Le réseau va connaître des variations plus rapides de la fréquence, en lien avec l’intégration d’électronique de puissance dans les postes sources. Pour un serveur domestique ou une baie réseau, la protection la plus efficace est un onduleur à double conversion, qui isole totalement l’équipement des microcoupures et des distorsions harmoniques. Choisir un onduleur pour box internet en amont protège à la fois la liaison fibre, le routeur et le switch PoE.
Autre conséquence : les commutations de charge automatiques sur le réseau peuvent générer des parasites qui remontent sur les lignes électriques domestiques. Ces parasites atténuent le débit des courants porteurs en ligne (CPL), utilisés pour étendre le réseau local jusqu’à une caméra IP ou un garage connecté. L’analyse de l’influence des différentiels sur la CPL montre qu’une installation électrique filtrée devient un prérequis, pas un luxe, dès que le réseau extérieur subit des régimes transitoires plus fréquents.
L’angle mort des métiers : qui va construire tout ça ?
C’est la lacune que quasiment aucun média généraliste n’a traitée. Relancer le nucléaire et moderniser le réseau suppose une main-d’œuvre technique que la France ne possède plus en nombre suffisant. Le plan Ambitions 2035 parle de « développement des compétences » mais ne chiffre pas les besoins. L’UIMM estime pourtant qu’il faudrait former 80 000 à 100 000 personnes aux métiers de l’électrotechnique et de la métallurgie d’ici 2030 rien que pour la filière énergie.
La tension sur le recrutement est déjà visible : les chaudronniers, les électriciens industriels et les automaticiens sont en sous-effectif chronique. Un plan industriel sans volet formation massif, c’est un plan de charge qui ne se réalisera pas. Or, EDF ne contrôle qu’une partie de la chaîne : les entreprises sous-traitantes qui réaliseront les travaux sont les mêmes qui peinent déjà à honorer leurs carnets de commandes actuels. Le risque principal n’est donc pas un défaut de financement, c’est un défaut de bras.
Questions fréquentes
En quoi le plan Ambitions 2035 se distingue-t-il des précédentes feuilles de route d’EDF ?
Ambitions 2035 ne se limite pas à des objectifs de production. Il intègre pour la première fois une trajectoire de décarbonation complète Scopes 1, 2 et 3 validée par un tiers externe (Moody’s Net Zero Assessment). L’autre différence : il acte le lancement industriel de la filière SMR au-delà des prototypes, ce qui n’était qu’une étude préparatoire auparavant.

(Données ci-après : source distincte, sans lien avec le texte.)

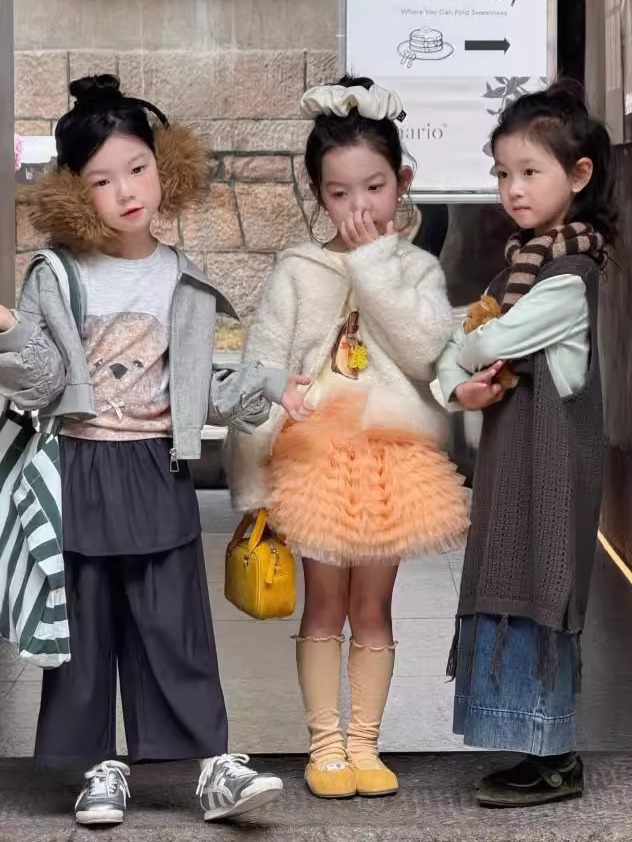 女の子スーツ秋 2025 新しい子供のルーズコットンニットサスペンダーファッショナブルな女の子カジュアルラブジーンズ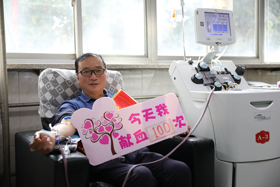 滴滴热血传真情。19年间,他默默无闻、无私奉献,用热血托起生命的希望。他就是我市第四十位献血满百次的献血达人刘爱军。从第一次参加无偿献血到现在,他捐献全血10次4000毫升,捐献机采血小板90次174.5个治疗量,还多次荣获全国无偿献血奉献奖金奖、银奖、铜奖。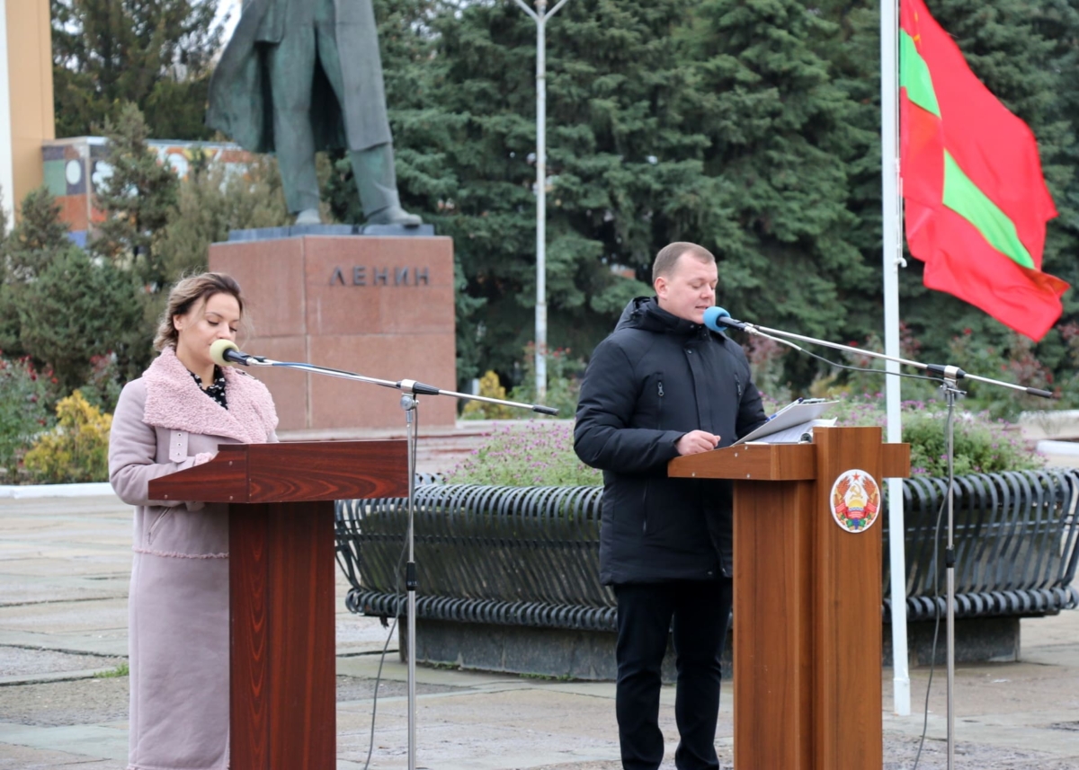 Право поднять флаги предоставили участнику боевых действий по защите Приднестровья Петру Муляр, члену президиума общественной организации «Женщины за права и свободы» Оксане Седых, президенту школьной Думы, ученику школы № 6 Богдану Сичко и президентскому стипендиату 2020 года, ученице теоретического лицея Елизавете Цыран.

Le plan prévoit-il une augmentation des prix de l’électricité pour les particuliers ?
Le document ne lie pas directement les tarifs au plan. En revanche, l’ARENH et les contrats pour différence impliquent que les investissements massifs se répercuteront mécaniquement sur le coût de base de l’électricité. Sans bouclier tarifaire, les prix augmenteront structurellement, mais le calendrier et l’ampleur dépendent davantage des décisions politiques que du plan EDF lui-même.
Où en est le déploiement des SMR français par rapport aux concurrents ?

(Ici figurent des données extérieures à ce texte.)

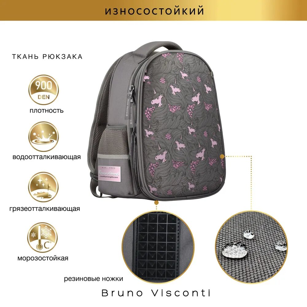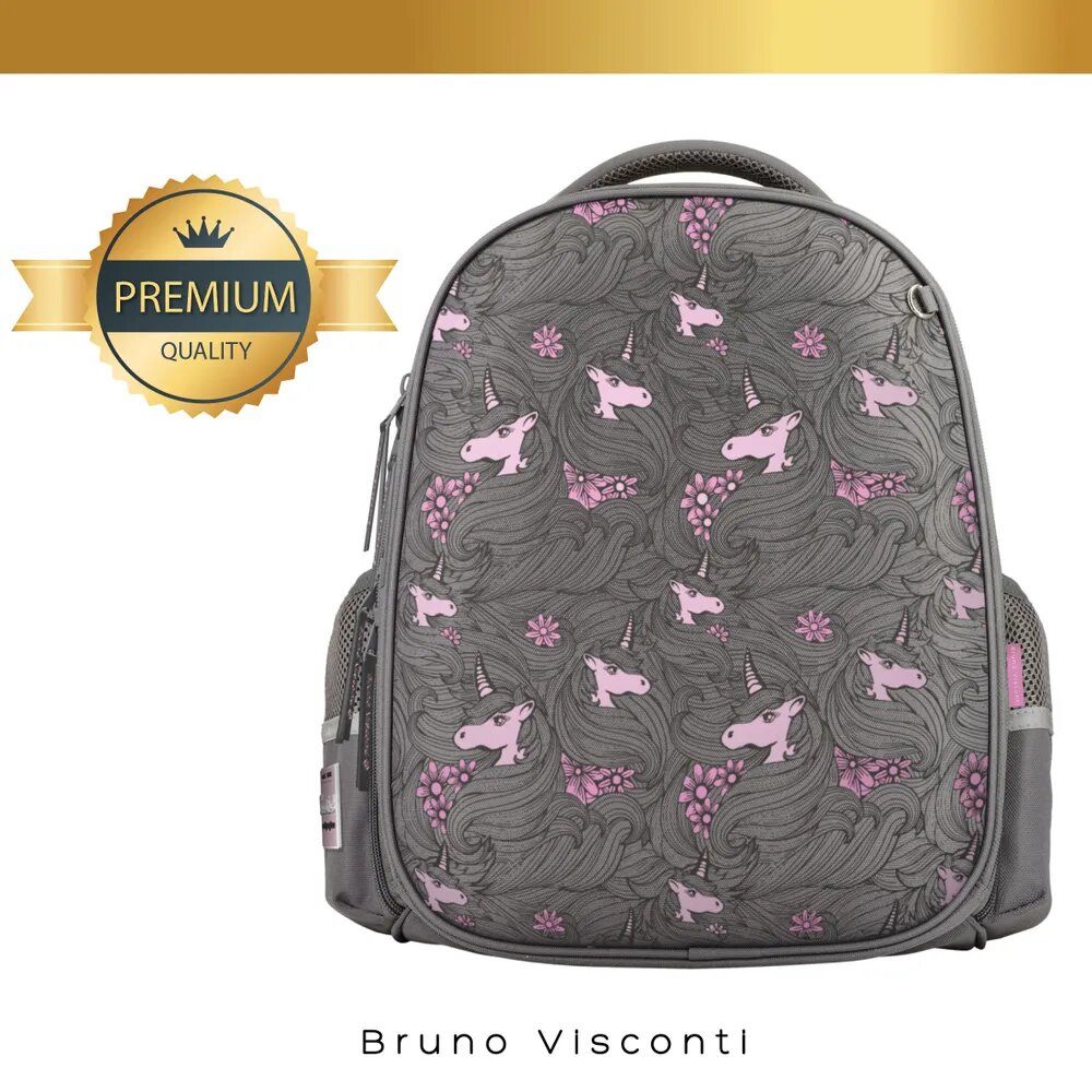 Рюкзак Bruno Visconti облегченная капсула серый с эргономичной спинкой "единороги. Романтика" Арт. 12-001-061/05

Le design conceptuel du SMR français doit être bouclé à mi-2026. C’est environ deux ans de retard sur le projet équivalent de NuScale aux États-Unis, qui a déjà obtenu la certification de la NRC. En revanche, l’approche française bénéficie du retour d’expérience complet du parc REP existant pour les composants standardisés.
Existe-t-il un risque de black-out accru avec le développement des ENR intermittentes ?

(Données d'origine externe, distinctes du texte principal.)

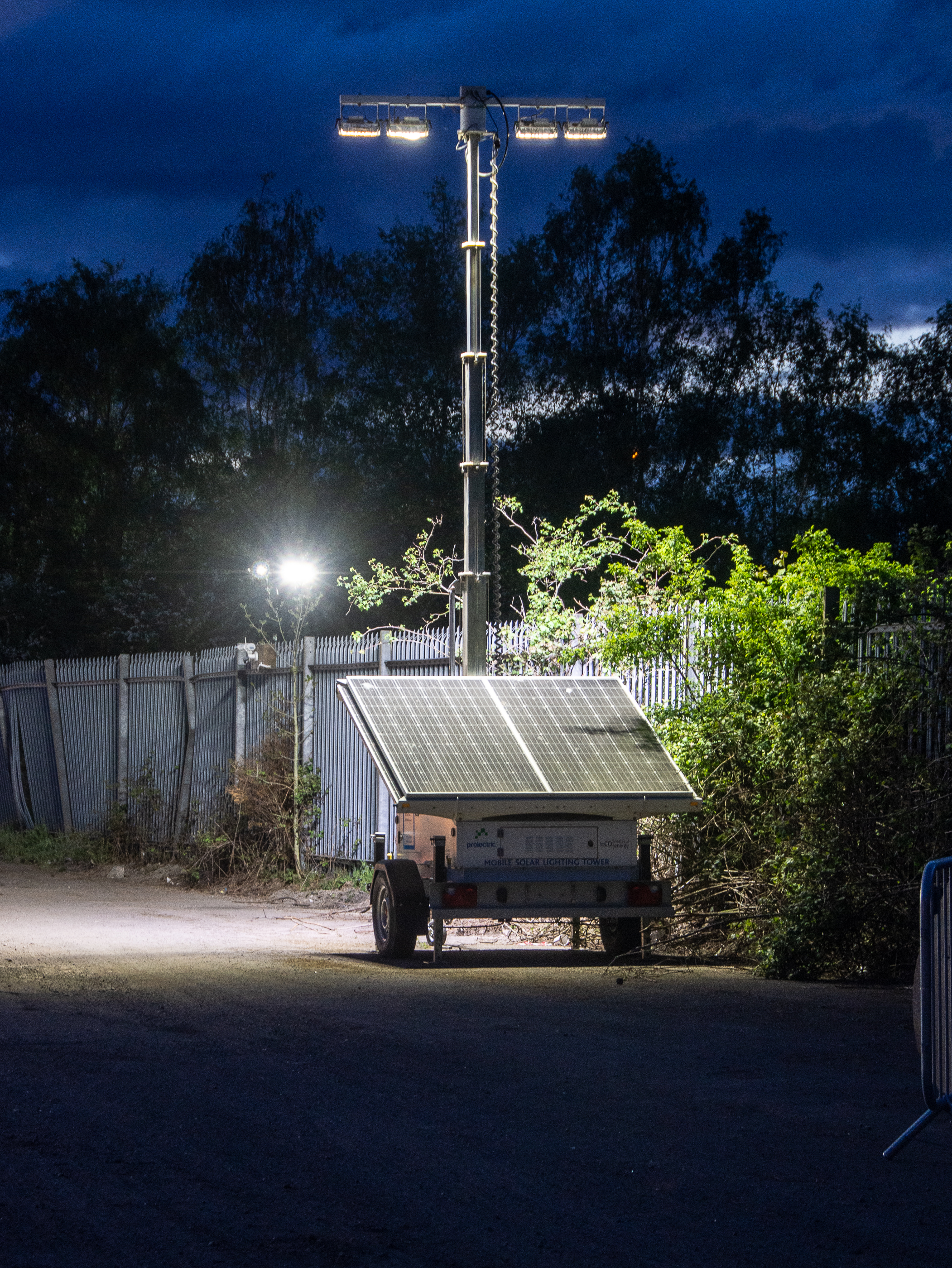 A total of 21 solar tower lights illuminated the site compound, car parking and work preparation areas, as well as being deployed on the trackside, where 200m of battery-powered link lighting was also used and column street lights were positioned along the access road to the site.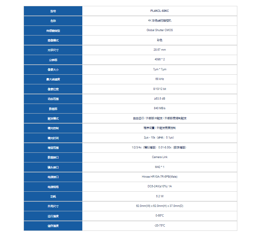I-Tek埃科 PL4KCL-68KC 线扫描相机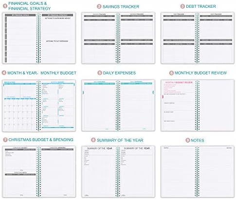 This undated money planner is 5.82×8.25 inch, inludes 12 months of financial planning with structured pages for setting financial goals, financial strategy, savings, debts, daily expense, monthly budget, monthly budget review, Christmas budget, summary of the year sections, which is a good finance books, it will help you to take control of your money effectively.

Le risque de black-out systémique reste très faible grâce au socle nucléaire pilotable. L’augmentation des ENR intermittentes crée surtout des risques de délestage localisé ou de contrainte d’équilibrage infra-journalière. La véritable menace n’est pas un black-out national en quelques secondes, mais une dégradation lente de la qualité de l’onde dans certaines zones mal compensées.